On est encore en République là ? A lire la presse, j’ai l’impression d’être chez Ceaucescu ou en Corée du Nord. Le Conducator et sa famille, qui régentent tout en plaçant leurs copains courtisans…. et utilisent les pouvoirs de police pour faire leur petit flicage interne. Sarkozy avait déjà la presse à sa botte, maintenant c’est le tour des magistrats

ENTRE GAFFES ET MENACES, LES MANIES DE DATI
[Dominique Simonot – Le Canard Enchaîné – Mercredi 05/09/07]
L’hécatombe continue. Encore deux de ses conseillers vidés, après la démission de son chef de cabinet Michel Marquer … Trois de chute en une semaine! Et sept en trois mois. Officiellement, le chef de cab’ de Dati rejoint « un haut poste au ministère de l’Intérieur ». Officieusement, il en a plus que marre. « Il a du caractère, il a encaissé, mais il y a des limites, confie un député de la majorité. Se faire hurler dessus du matin au soir  »Vous n’êtes pas à la hauteur », ça lasse, évidemment. »

« Dati n’accepte au¬cune contradiction et c’est toujours la faute des autres. » La semaine dernière, donc, Jacques Carrère, magistrat chargé de l’organisation judiciaire, est convoqué par le directeur de cabinet. Il a droit à la rengaine: « Vous n’êtes pas fait pour ce boulot, vous le savez? Vous n’êtes pas à la hauteur. » Dehors!

Vendredi 31 août, c’est au tour de Valérie Bonnard, responsable du budget. Pas à la hauteur, non plus. Et la délicieuse appréciation s’agrémente de menaces: « Inutile de revenir lundi, et, si vous l’ouvrez, on se charge de faire savoir que vous êtes une bonne à rien ! » Du coup, rares sont ceux qui osent l’ouvrir: « Attention, on est tous branchés, tous sur écoute », dit, avant de raccrocher, un magistrat de la Chancellerie. « Dati est hyper¬protégée. Sachez l’adage, rigole un élu UMP: lui déplaire, c’est déplaire à Nicolas et, pire encore, à Cécilia, à qui elle cafte en permanence! Elle lui rapportait déjà tout quand Sarkozy était à l’Intérieur et que Cécilia avait disparu de la circulation. »

PROCÈS STALINIEN

Quand on a la main, ce serait dommage de la perdre. Et hop, une autre convocation en urgence, la même semaine. Celle du vice-procureur de Nancy, Philippe Nativel, qui a eu le culot de ne pas requérir une peine plancher lors d’une audience, le 27 août. La loi le lui permettait pourtant, mais aucune importance. Affront suprême, il aurait ajouté, ce qu’il nie : « Les magistrats ne sont pas les instruments du pouvoir. » Chez les magistrats, c’est la stupéfaction: la loi veut en effet que « la parole soit libre à l’audience ». L’émotion est telle que Philippe Nativel se rend, le 29 août, à la Chancellerie, accompagné de ses deux supérieurs et de deux membres de l’Union syndicale des magistrats (USM). Il veut s’expliquer. Il va comparaître.
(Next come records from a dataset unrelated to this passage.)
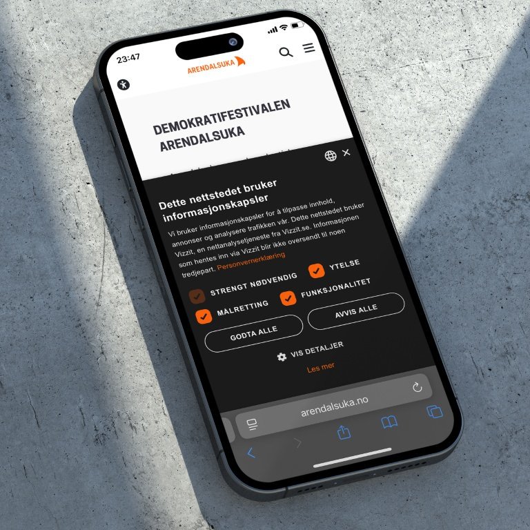 Fra 1. januar 2025 kom det nye krav til norske nettsider. Nå er det ikke lenger nok å informere om at man bruker informasjonskapsler. Du må ha samtykke fra de som besøker nettsiden din, og det samtykket må du skaffe på riktig måte, slik som arendalsuka.no gjør i bildet i denne artikkelen.
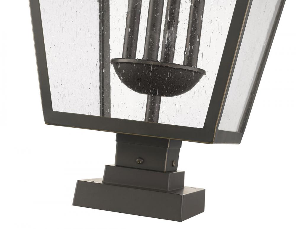 Careful landscape design efforts deserve embellishment, and the Talbot four-light pier mounted fixture delivers in a big way. A charming village motif infuses industrial-transitional style, blending a lantern silhouette frame and pier crafted of oil rubbed bronze stainless steel with a matching interior bulb cluster mount. Seedy glass panels offer a tasteful modern transparency.
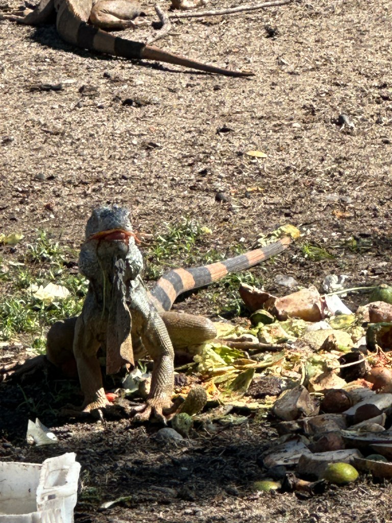 Pogo had gone to pickleball and didn’t feel really good so we stayed in later than planned but finally went to La Isla for a late breakfast. Graciela gave me a rose for Valentine’s Day. There were so many iguanas munching in the parking lot, at least 20 of them at some point. One tried to go to the street but the servers shooed it back toward the back.

Autour de la table, le directeur des services judiciaires, une greffière et le directeur adjoint de cabinet, Stéphane Noël. « C’était un véritable interrogatoire enregistré par la greffière sur procès-verbal ! Nous étions sidérés. Un vrai procès stalinien », enrage Laurent Bedouet, de l’USM. Les syndicalistes s’énervent: «Nous avons fait un scandale: c’est quoi ce PV ? » Réponse du directeur des services: « Je le transmets à la garde des Sceaux, qui décidera des suites. » Traité en « délinquant », le procureur n’en a même pas eu la copie …

Au point que le président de la Conférence des procureurs – pas vraiment un rebelle – dénonce d’une plume furieuse un incident « d’une importance gravissime ».« Une tentative de verrouillage de nos collègues », renchérit la présidente du tribunal de Nancy. Quant à la présence du directeur adjoint de cabinet à cet interrogatoire, c’est un pied de nez à la séparation des pouvoirs. Un peu comme si la ministre de la Justice assistait à une comparution chez un juge d’instruction. Une bourde de plus. A quand la prochaine?